A vez e a voz do subúrbio
Marquinhos de Oswaldo Cruz valoriza a tradição dos pagodes suburbanos em seu disco de estréia, e acredita em um novo momento para o samba de raiz
Nana Vaz de Castro
22/12/2000
Respaldado pelo acolhimento das velhas guardas do samba, o compositor Marquinhos de Oswaldo Cruz sentia-se à vontade no Cafofo da Surica, em Madureira (RJ), onde recebeu, sob um sol implacável de dezembro, a imprensa e convidados para falar sobre seu disco de estréia, Uma Geografia Popular(Rob Digital) (leia crítica).
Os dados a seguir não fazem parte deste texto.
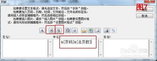 有的朋友要出难题儿了:我如果想要第 X 页,共 X 页的效果该如何实现捏?完全是可以的,咱们还回到自定义页脚对话框处,分别点击页码、总页码按钮,产生如图7所示的效果。
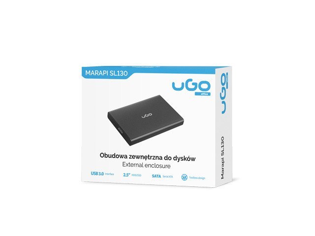 Zewnętrzna obudowa UGO Marapi SL130 przeznaczona jest do ochrony, przenoszenia i przechowywania danych na dyskach 2.5" HDD/SSD z interfejsem SATA o maksymalnej wysokości 9.5mm.
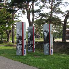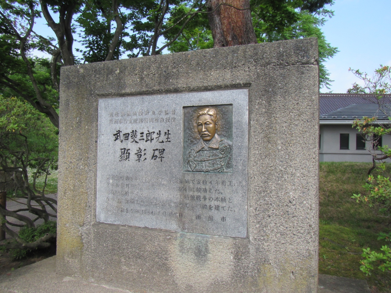 五稜郭の堀を渡り、旧函館奉行所の建物に着く前の順路横にレリーフの碑があります。
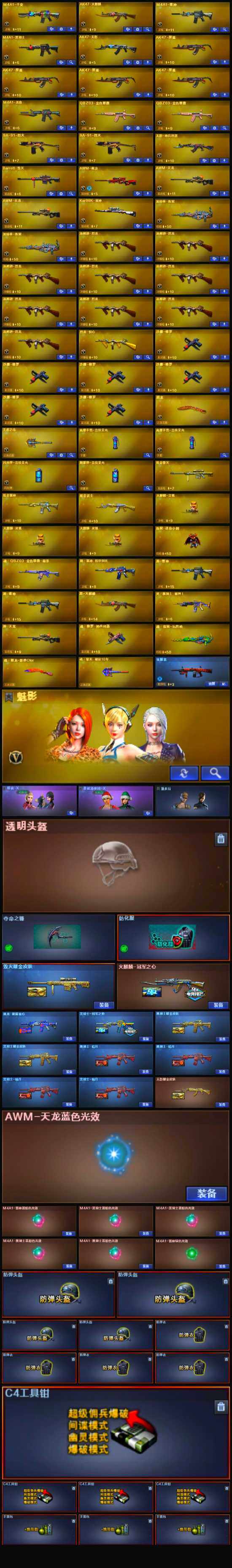 【英雄级武器】:高爆手雷-竞技荣光*2,烟雾弹-竞技荣光,闪光弹-竞技荣光,QBZ03-金色蔷薇*2,无影-神兵利器,M4A1-雷神,M4A1-黑骑士,加特林-炼狱*2,汤姆逊-烈龙*9,AK47-无影,AK47-火麒麟,AWM-天龙*2,Barrett-毁灭,AWM-裁决,M4A1-龙血,Kar98K-星神,AK47-黑鲨*4,M4A1-千变,沙鹰-修罗*6,屠龙
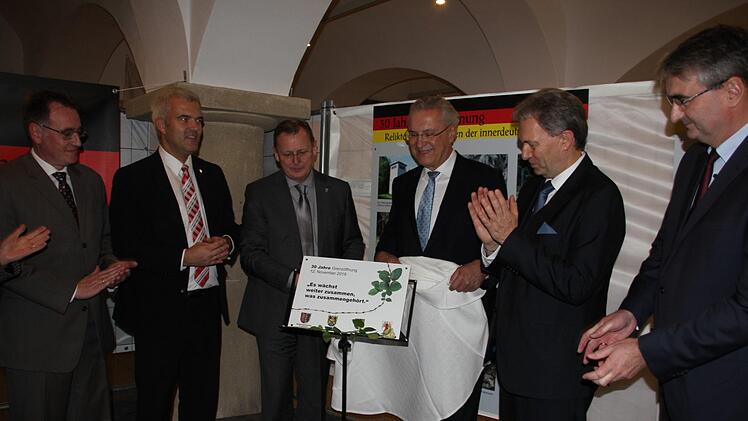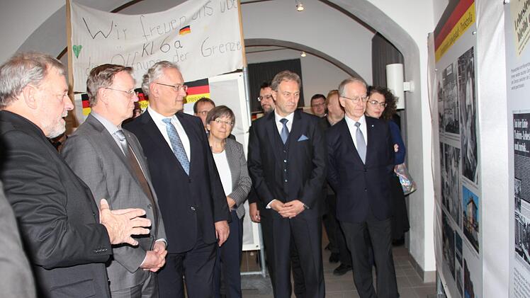 Beim Rundgang durch die Ausstellung wurden wohl bei den meisten Teilnehmern Erinnerungen wach. Ihm sei es, genauso wie damals, den Rücken heruntergelaufen, meinte Altlandrat Werner Schnappauf. Damals habe er zusammen mit der Vorsitzenden des Rates des Kreises Saalfeld, Edith Ludwig, am Falkenstein das Band durchschnitten. "Das war so ergreifend!"
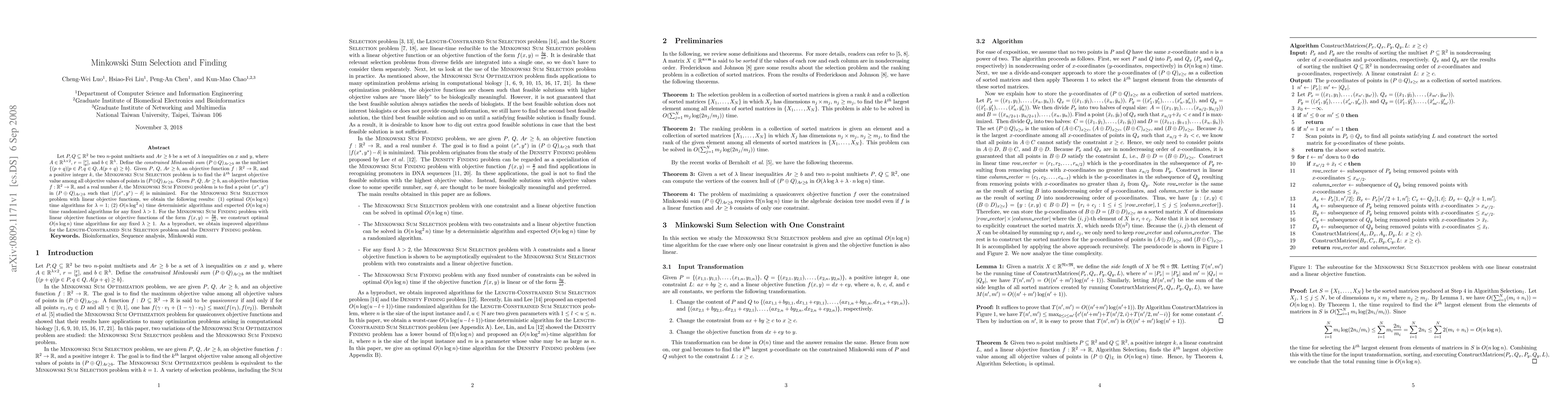 This paper solves two optimization problems using Minkowski sum: one with linear objectives that can be solved in O(n log n) time, and the other with a specific form of non-linear objective functions also solvable in O(n log n) time.

O CD na verdade era esperado há bastante tempo (começou a ser gravado há mais de um ano), criando um clima de expectativa que só aumentava à medida que Marquinhos continuava freqüentando as rodas de samba da cidade e cantando suas composições e desfiando improvisos ao lado do amigo inseparável Renatinho Partideiro.
Organizador do Pagode do Trem, que há alguns anos comemora o Dia Nacional do Samba (2 de dezembro), Marquinhos não gosta da palavra "resgate" ("nós não somos bombeiros para resgatar nada"), e prefere "recriação". O próprio pagode do trem seria, assim, uma "recriação" da tradição iniciada por Paulo da Portela (1901-1949), que, na falta de opções para tocar o perseguido samba nos "anos de chumbo" da repressão contra a batucada, reunia os sambistas nos vagões que saíam da Central do Brasil e saía tocando estações afora, até Oswaldo Cruz. Este ano o evento tomou proporções inimagináveis para o lendário fundador da escola azul-e-branca: teve apoio de diversos patrocinadores, cobertura da imprensa, e juntou, segundo Marquinhos, 15 mil pessoas. "Gente demais, samba de menos", dizem as más línguas.
Tradição oral
O sambista entretanto vê com bons olhos o que acredita ser um movimento de revitalização dos subúrbios cariocas e sua memória e tradição. "Isso sempre se manteve através da oralidade, e não da escrita", acredita. Foi com esse objetivo que procurou fazer através do repertório de seu disco uma "viagem pelo subúrbio", retratando todos os seus momentos: a noite (Enquanto a Cidade Dorme, de Jair do Cavaquinho e Nelson Cavaquinho) emendando na manhã seguinte (Manhã Brasileira, de Manacéa, Luz de Verão, parceria póstuma de Marquinhos com Candeia), o ambiente bucólico (O que os Olhos Não Podem Ver, de Marquinhos e Carlos Bezerra e Meu Bairro, de Casquinha), o amor (Minha Querida, de Manacéa) e, claro, o trem (Décima Sexta Estação e Uma Geografia Popular, ambas de Marquinhos).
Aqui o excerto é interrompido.